--- Exercise prompt ---
Find the line containing "Ρεκόρ 2,7 δισ." in the listing below; reproduce it and every line after, exactly. Skip pictures.

──────── Information provided

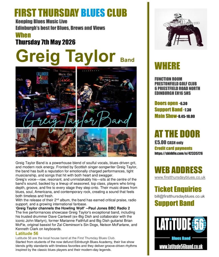Born from the remnents of the Edinburgh Blues Academy, plesase find out more information at www.latitude56band.co.uk
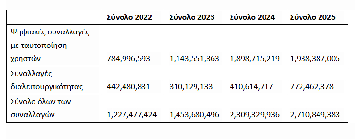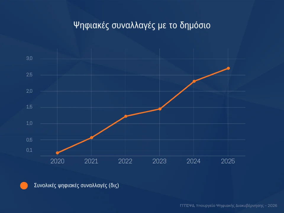 Ρεκόρ 2,7 δισ. ψηφιακών συναλλαγών με το Δημόσιο το 2025
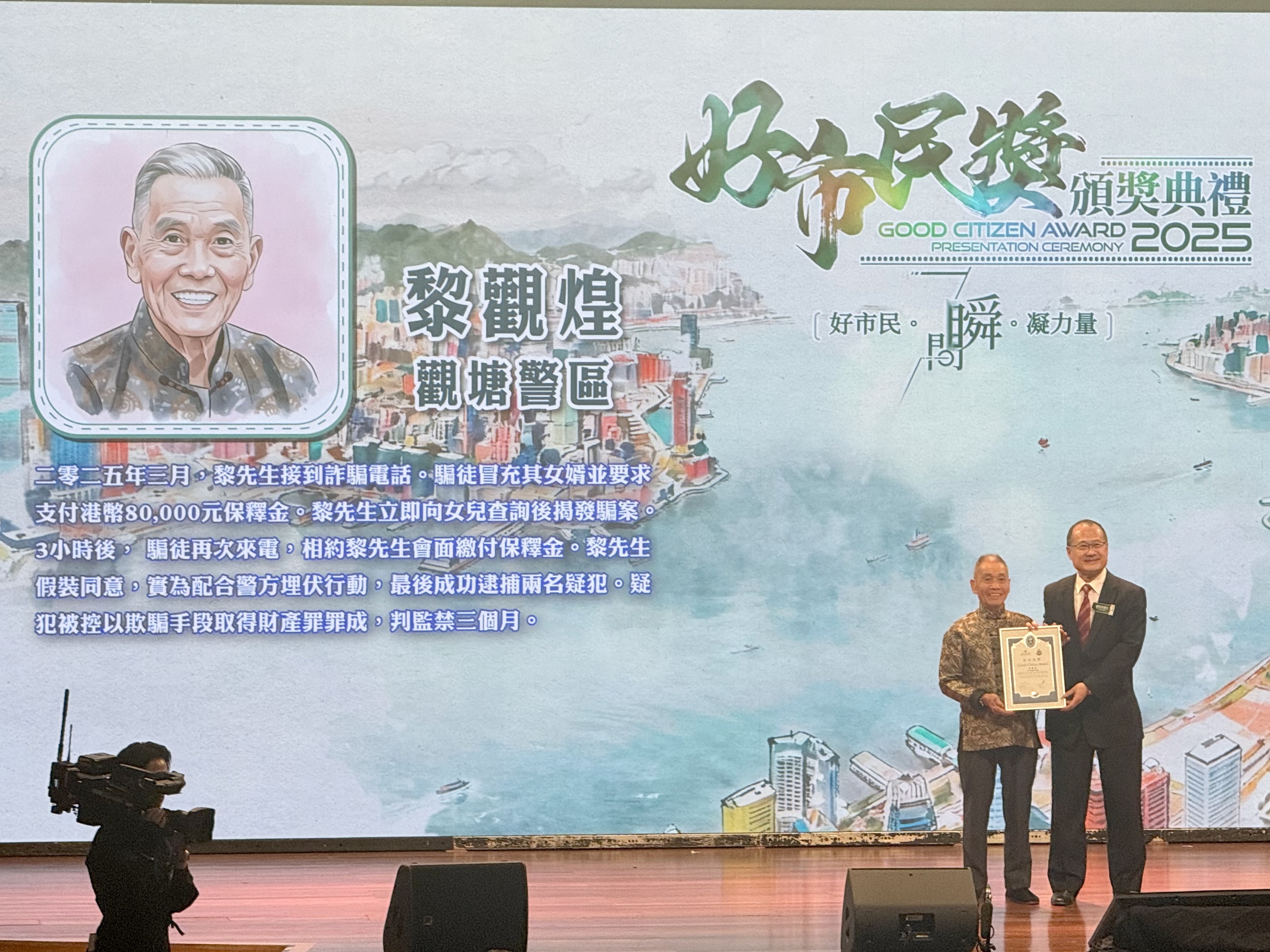 (大公文匯全媒體 記者 周禹含)「好市民獎頒獎典禮2025」今日(14日)假會展中心舉行,嘉許80名協助警方撲滅罪行的好市民,並表揚協助警方推動防騙滅罪工作的6間機構。
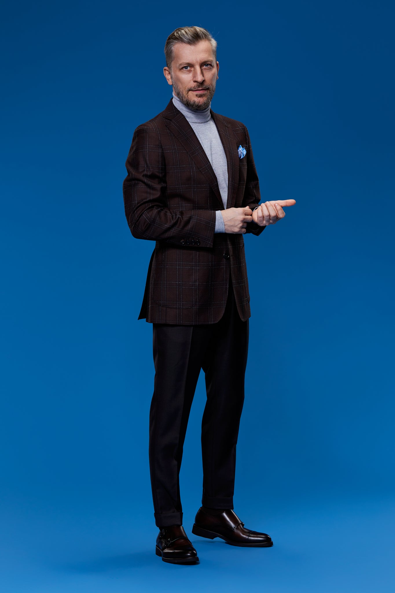 Sacou casual din stofă de lână 130Superfine, cu pattern discret in carouri fine, versatil în ținute business-casual.

────────────────

--- Answer space ---
 Ρεκόρ 2,7 δισ. ψηφιακών συναλλαγών με το Δημόσιο το 2025
 (大公文匯全媒體 記者 周禹含)「好市民獎頒獎典禮2025」今日(14日)假會展中心舉行,嘉許80名協助警方撲滅罪行的好市民,並表揚協助警方推動防騙滅罪工作的6間機構。
 Sacou casual din stofă de lână 130Superfine, cu pattern discret in carouri fine, versatil în ținute business-casual.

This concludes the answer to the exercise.